●Alex Tabarrok, “Mad Men”(Marginal Revolution, March 10, 2008)
トーマス・シェリング(Thomas Schelling)によると、不合理でクレイジーだ(頭のネジが外れている)と得(とく)する可能性があるという。あるいは、不合理でクレイジーな奴だと思わすことができたら、得する可能性があるという。チキンゲームをやり合っている相手(敵)に「あいつは、不合理でクレイジーな奴だ」と思わすことができたら、あちらから先に折れる(譲歩する)可能性があるわけだ。
あのニクソン大統領もこの説に通じていたらしいことは、よく知られている。しかしながら、Wired(ワイアード)に掲載されたこちらのゾッとするような記事によると、ニクソンは、とても正気とは思えないやり方で説を実践してみせたらしい。
ベトナム戦争に終止符を打つためにパリで和平会議が開かれたが、思うようにいかない。業を煮やしたニクソンは、
・・・(略)・・・ソ連に対して、大規模な核攻撃を仕掛けるぞと脅しをかけた。それだけでなく、その脅しを本当に実行してしまうようなクレイジーな奴なんじゃないかと思わせようともした。事態がエスカレートして手に負えなくなるかもしれないことを恐れたソ連側が、パリでの和平会議で譲歩するように北ベトナムに迫る――「和平会議で譲歩しろ。譲歩しなければ、軍事援助を打ち切るぞ」と圧力をかける――ような展開になることを、ニクソンは願ったのである。

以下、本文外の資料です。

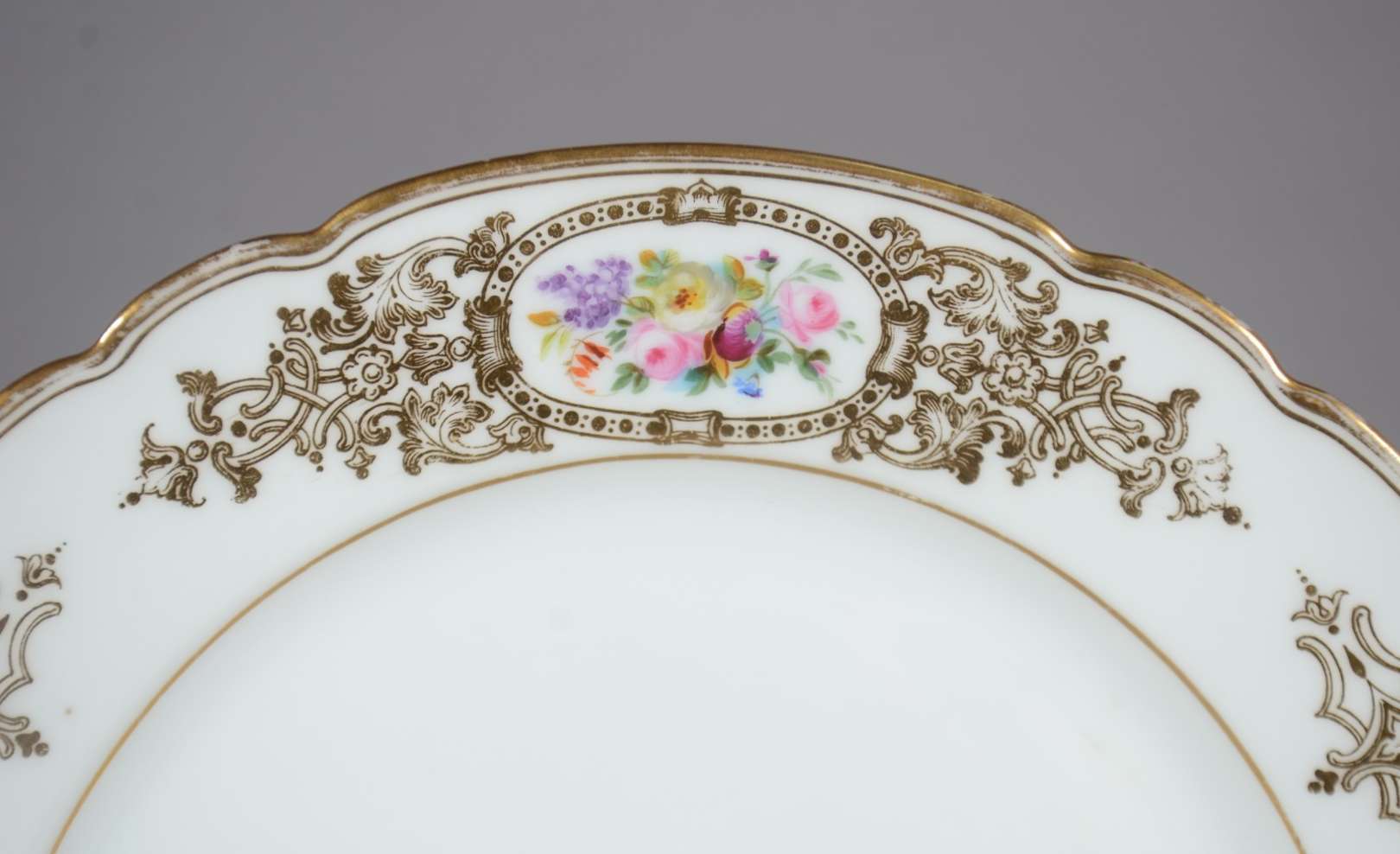 Aparelho de jantar de porcelana alemã Rosenthal, na cor branca com flores em policromia, composto de: 24 pratos rasos...

ニクソンの脅しは、口先だけの空脅し(からおどし)ではなかった。核兵器を搭載した爆撃機をソ連の領空に送り込んだのである。その結果、ソ連側の防衛システムが発動された。
1969年10月27日の朝に、計18機のB-52――8基のターボエンジンを搭載し、翼長が185フィートに及ぶ爆撃機の一群――が、アメリカの西海岸を飛び立った。目的地であるソ連の東側国境に向けて、時速500マイル超で疾走するB-52。パイロットたちは、18時間無休息で操縦を続けた。広島や長崎を破壊し尽くした原爆の何百倍にも及ぶ威力の核兵器が全機に搭載されていた。
ソ連が激怒する中、(国家安全保障問題担当大統領補佐官を務めていた)キッシンジャーがニクソンの指示に従ってソ連側の大使に伝えたのは、「我々の大統領は、制御不能です」という言葉だった。
ニクソンもキッシンジャーも、シェリングの別の洞察を吸収できていなかったようだ。自分が制御不能であることを相手に本気で信じ込ませたいのであれば、自分の力ではもう手に負えないところまで事態をとことんエスカレートさせねばならないことが時としてあるのだ。その結果として核戦争に行き着いてしまう可能性がいく通りもあるというのは、心底ギョッとさせられる。それはともあれ、ニクソンは、何百万人もの命を危険に晒(さら)して賭けに出たわけだ。こちらが打つ手に対してソ連側が合理的に応じる可能性に賭けたのだ。
マッドマン(狂人)が世界の安全を脅かしているという噂をいつか耳にする機会があるようなら、是非とも思い出してもらいたい。この世界に史上最大の脅威をもたらしたマッドマンの一味は、我々の同胞の中に潜んでいたということを。